# Custom Tweater mounting



## Guest (Aug 13, 2002)

Anyone knows if a manufacturer made a replacement for the plastic piece in the window that would fit a tweater on my Sentra XE 1998?


----------



## G_Funk013 (Jul 9, 2002)

Are you talking about the sail panels on the front doors. I think you might just have to cut it yourself? I have the same question because i am planning on adding some tweater there too.


----------



## tosainu1 (Aug 15, 2002)

I wonder, can you get the ones from a G20 and make those fit? They fit on the pillar mount, and would look really clean....Maybe those would fit, i dont know, just an idea.....I cut mine into my doors and have hated that decision ever since....


----------



## 1CLNB14 (Apr 30, 2002)

We made our own out of fiberglass.

check it out...


----------



## G_Funk013 (Jul 9, 2002)

How did you make it?


----------



## 1CLNB14 (Apr 30, 2002)

A master mold was made with clay. It was sent out to be used to blow fiberglass molds.

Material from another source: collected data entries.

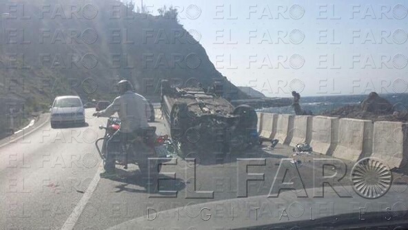 El coche quedó con las ruedas hacia arriba, por lo que se tuvo que maniobrar para devolverlo a su estado inicial y poder retirarlo de la carretera. En la maniobra, golpeó contra un quitamiedos ubicado a lo largo de la vía para evitar precisamente que los vehículos puedan salirse de la carretera. Tal y como se aprecia en las imágenes de esta información, el accidente fue bastante aparatoso y durante varias horas la Benemérita tuvo que hacerse cargo del control del escenario del siniestro. Según han informado fuentes sanitarias, ninguno de los ocupantes tuvo que ser trasladado en ambulancia al Hospital.
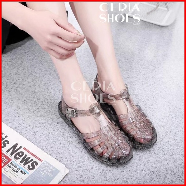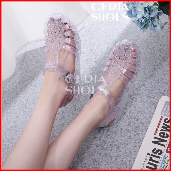 Sandal Jelly Shoes Wanita Transparant Meisha Bahan Karet Elastis Dengan Tali Pengait Tali Belakang 03
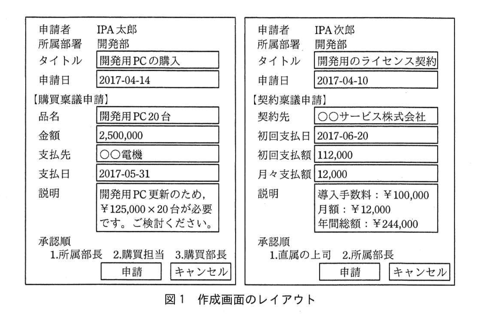 “購買稟議申請の書式IDは'購買'、契約稟議申請の書式IDは'契約'である。”

We still had to cut and shape them to fit.


----------



## Guest (Aug 16, 2002)

*thanks*

Yeah, the fiberglass thing would be a good idea but still i don't know which solution gives a better look...and keeps the car "stock". I was wondering if could just buy the panels just to make sure that if i sell my baby someday i could just put the old panels and the original sound system back in their place. So if anyone knows where i can get the parts i need heed me back fellas.

Thanks a lot


----------



## Guest (Aug 17, 2002)

*Another mounting problem*

I guess i just can't buy stuff that fits into my car  
Now i have to fit 6 X 9 speakers in the rear 6 " holes and i'd like to know if anyone did that without cutting through the metal but i guess i'll have to anyway 

Thanks


----------



## sethwas (Apr 30, 2002)

Hey,
I had my tweets mounted at the sail panels, and I don't reccomend it for sound quality. Sure the highs will come in awesome and the sound is right there, but, your woofers are down by your ankles and the imaging is all wrong. Even if you cranck up the bass, your ears will be biased by all the highs which are right there. You will always think that you don't have enough bass (even if you don't anyway) even though your car is vibrating apart.
From what I've read, the tweeter shouldn't be more than 6 inches from the woofer. So what I did is mounted them in the doorpanel near the armrest/window switch panel which is near my knees. When I get the car next week I'll tell you if it sounds better (or more natural) with this supposedly 'better' location.

Seth


----------



## G_Funk013 (Jul 9, 2002)

Good stuff Seth.

Keep us posted on it.


----------



## samo (Apr 30, 2002)

*If you're really feeling adventurous...*

You could try fiberglass kick panels. They're a pain to make, but the imaging is _fantastic_. Sean's sail pods sound pretty darn good too.


----------



## trace (Sep 5, 2002)

I second the notion that the tweeter will be overwhelming if seperated too far. If you really want to put them where you want you will need a good electronic crossover(not the usually sub-par ones that come with most component kits) and fine tune with that


----------



## sethwas (Apr 30, 2002)

Hey,
So I got my car back with the new tweeter location (yes I didn't do it myself, yes I hate 'allowing' others to touch my car, but I was out of the country at the time and it had to be done by someone other than me). 
So the sound is much better. I highly reccomend the knee height mounting position. Yes you need to cut the door, but it is worth it. The shape of the door adds a neat 'stereo' imaging factor that 'hides' the location of the tweeter. Some find this horrible, others like it. I like it since it adds a more ambuient feel to the system. Now when I crank it up, the sound is just clean and clear, with no high or low bias. (The tweets are tilted up slightly, not aiming at my knees. Sort of at a place in front of the center rear view mirror.)

Seth


----------



## scrappy (Jun 30, 2002)

I mounted mine around 8 inches straight up from the stock speaker location sounds good and looks good too


----------